Aeron latency histograms vs TCP are quite nice in the same DC on enterprise-grade networking hardware. But it really makes sense to use if a single-digit or low-double digit microsecond latency improvement on P50 is worth the effort. Or if the long tail with TCP is a dealbreaker, as Aeron has much nicer P99+ regardless of how well optimized a TCP setup is. Also, if one can leverage multicast that's nice, but not only clouds have it disabled, and Aeron works fine with unicast to N.
However, there are gotchas with threading and configuration overall. Cross-DC setup may surprise in a bad way if buffers are not configured to account for bandwidth-delay product. Any packet loss on high-latency network leads to a nasty NACK storm that is slow to recover under load. It's better to set the highest QoS and ensure the network is never dropping packets, e.g. calculate the real peak instant load vs hardware capacity. Relative latency savings cross-DC become less interesting the longer the distance, so there's nothing wrong with TCP there. Another note is that, e.g. ZMQ is slow not because of TCP but because of its internals, almost 2x slower for small packets than raw well-tuned TCP sockets, which are not that bad vs Aeron. Also, Aeron is not for sending big blobs around, the best is to use it with small payloads.
Aeron is designed with mechanical sympathy in mind by the guys who coined this term and have been evangelizing it for years, and it's visible. Lots to learn from the design & implementation (tons of resources on the web) even without using it in prod.
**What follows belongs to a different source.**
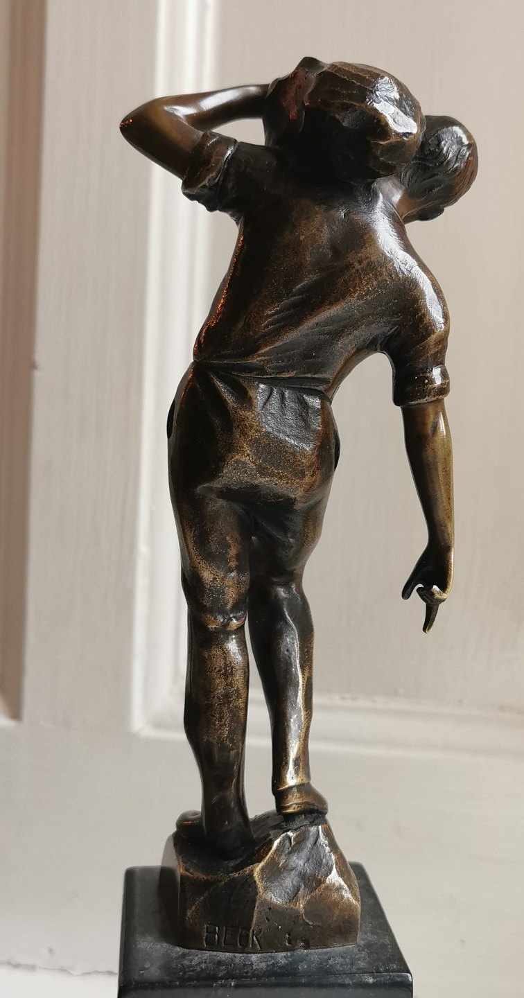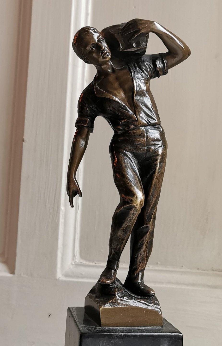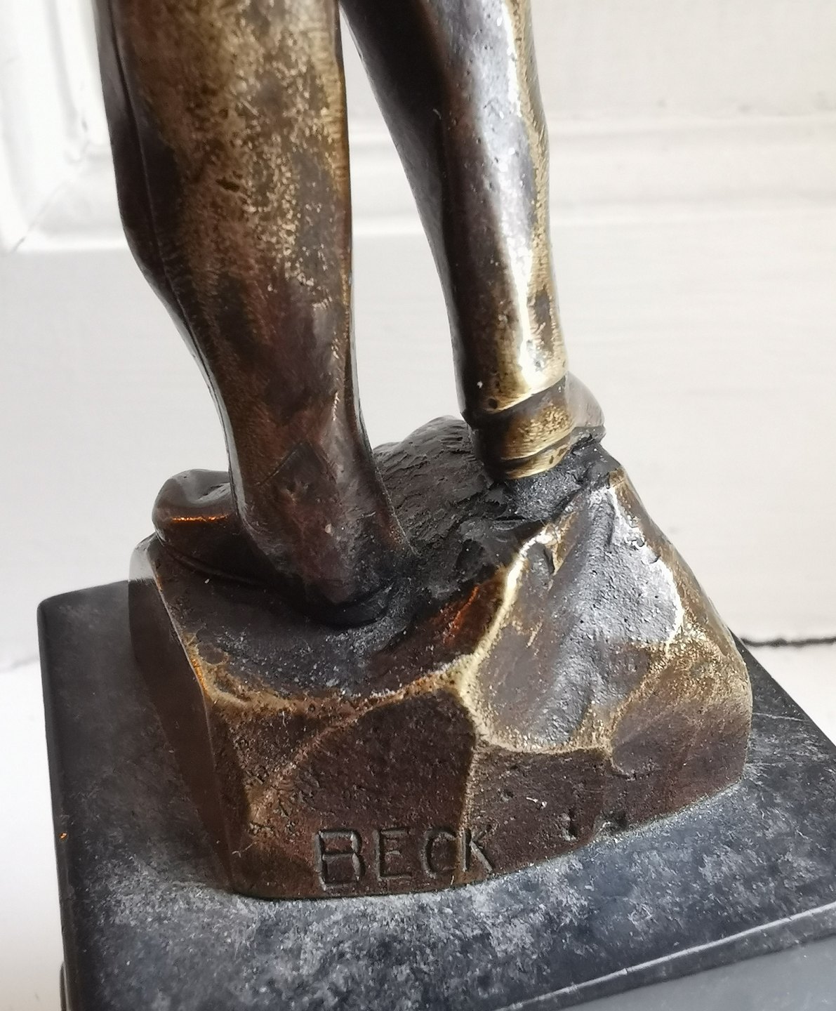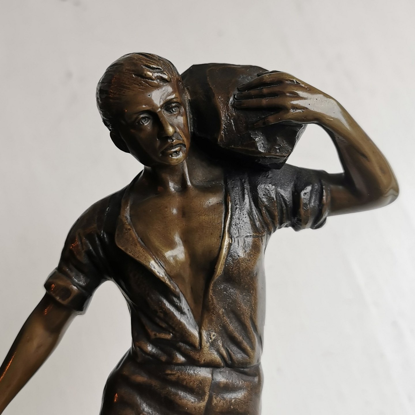Bronze figure on stone plinth depicting man / worker carrying on a stone on his shoulder. Signed by the Austrian sculptor Ernst Beck (1879-1941). In good condtion. No damages or repairs. H.: 27 cm incl. the base.

How did that happened? Seems multicast is already built in, just use that for massive broadcast. Is TCP used just so we can get an ACK that it is received. Seems multicast and UDP shouldn't be a problem if we just want massive people to listen in on it, but if we want to also track these people then that is another story.
From a user perspective, use UDP/multicast all the way. Let the client to request something if it is dropped or missing or otherwise just multicast for everything.
Long fat pipe sees dramatic throughput drops with tcp and relatively small packet loss. Possibly we were holding it wrong; would love to know if there is some definitive guide to doing it right. Good success with UDT.
I would think of UDP with redundant encoding / FEC, to avoid retransmits.
Another time I had a backup job using uftp (a multicast file xfer tool) and it was a similar story. Systems literally sitting one rack over couldn't talk.
We involved all of our CC*-certified guys, wasted a week, and eventually just used the explicit command line switches to configure the cluster.
The hardware is not up to the task, physical or virtual, as far as I can tell.
So you set up an Aeron Server on your machine. That handles all external network communication at the message layer (NAKs, etc). Every “Aeron Client” process communicates with that Server to stand up shared memory pipes. The messaging client solely deals with those pipes (cache efficient, etc). They subscribe to channels at host:port/topic but it is not direct network delivery to them (the client is transport agnostic, besides the subscription). The network service directs data to the clients shared memory queue.
Once they have that base networked-IPC setup, you can maximize performance with it using reliable UDP and fan out common data (eg marlet data) using multicast.
Then Aeron further adds Archiving (to persist) and Clustering (to scale late join / state replication) components. This stuff works well with kernel bypass :)
[1] It could work with RDMA as well, but the ticket regarding that was closed 8 years ago. Maybe if there was AI/GPU workload interest.